Les multiples visages de la maternité
De son côté, la comédienne insiste sur l’image de la maternité « rarement montrée », inscrite au cœur de la série. « Cette mère passe par toutes les phases. La série explore cette idée de connexion qu’on croit innée et immédiate. Nathalie a adopté cet enfant, mais le contact ne s’est pas fait : elle sent qu’il y a quelque chose qui cloche. Elle a un côté ogresse, elle aime démesurément Alice. Sa fille est à l’âge où elle commence à se détacher pour exister en tant que femme. Ce sont toutes ces phases auxquelles on peut se retrouver confrontée en tant que mère. Vous n’êtes jamais au bon endroit et tout est toujours la faute des femmes. C’est un truc viscéral. Je te cherche, je te fuis… Le mouvement classique d’une ado qui doit se positionner entre son père et sa mère, mais Nathalie culpabilise car certaines choses lui ont échappé. »

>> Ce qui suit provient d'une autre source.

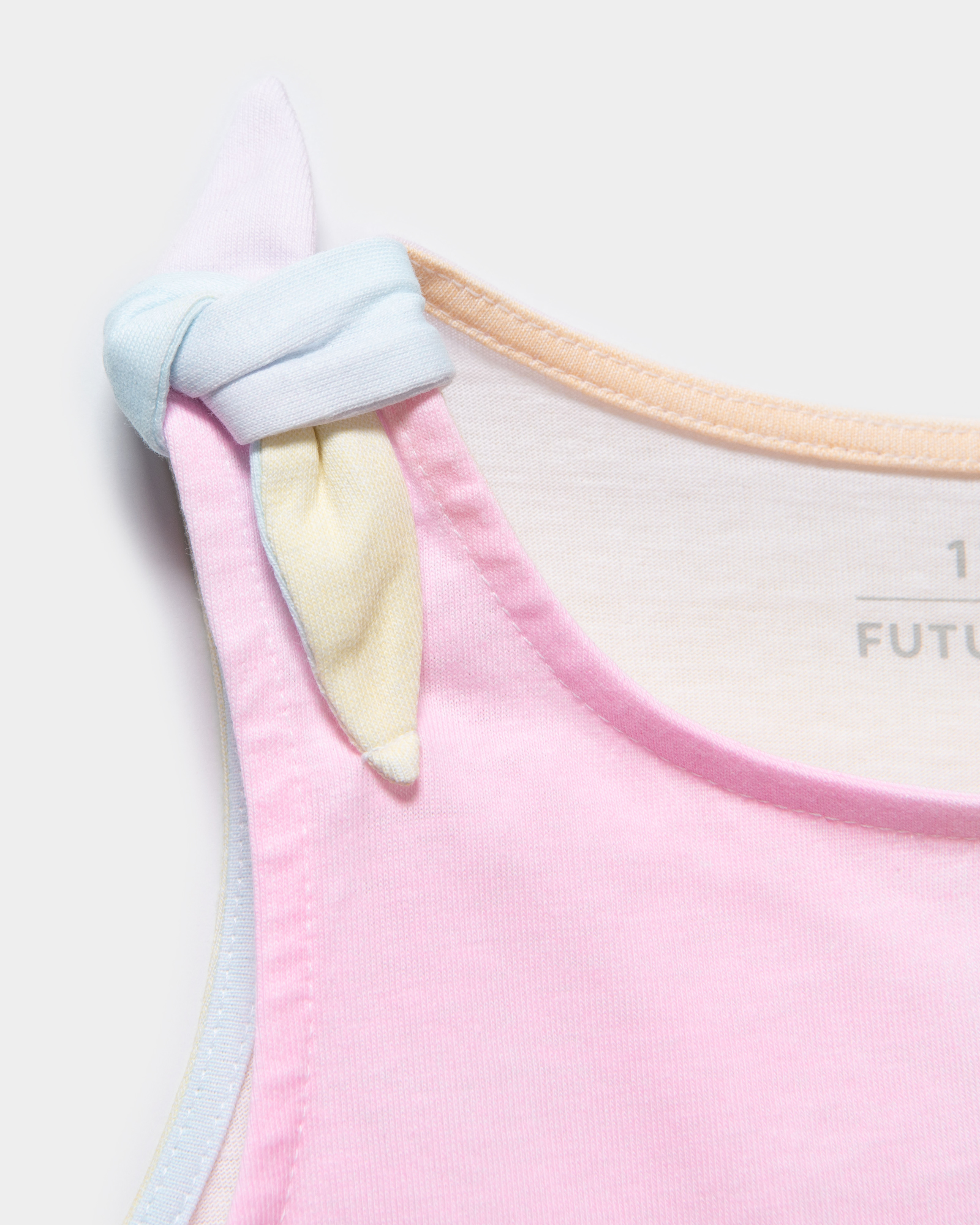 Цветная майка для девочки Futurino с декоративными узелками на плечиках.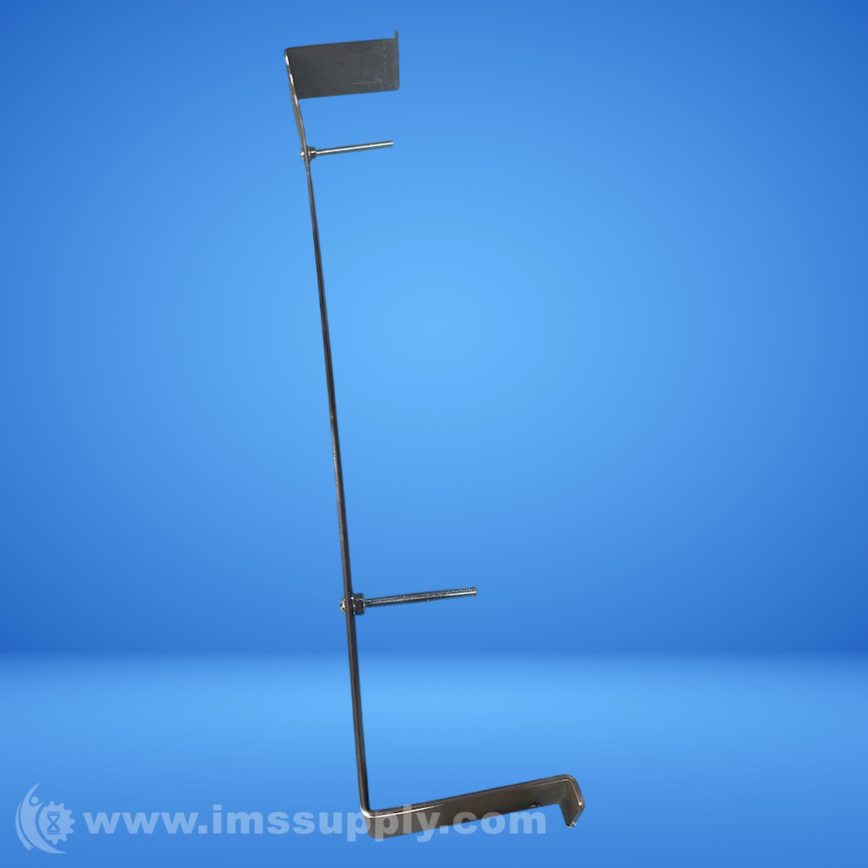A metal bracket designed for industrial use, featuring adjustable components and mounting hardware.

S’il s’agissait d’un tournage « très physique », la vraie difficulté était ailleurs : un tournage en studio qui fait perdre « toute notion du temps. Dans cette histoire, il y a aussi une mise en abîme, un côté meta sur la création et le labyrinthe mental, en écho au fait que Nathalie est une auteure célèbre. »
Il y a aussi chez Nathalie, cette fuite vers la fiction, l’imaginaire « pour accepter la vie et arriver à la vivre quoi qu’il arrive. Cette fuite dans la fiction me parle parce que le monde est très anxiogène, mes rôles me permettent de fuir la réalité. La création est vue comme un cocon vis-à-vis d’une forme de réalité avec laquelle je ne suis pas forcément en harmonie. Cette décision de Nathalie fait écho en moi. La fin reste suffisamment ouverte pour l’imaginaire de chacun », souligne l’actrice avec un sourire énigmatique.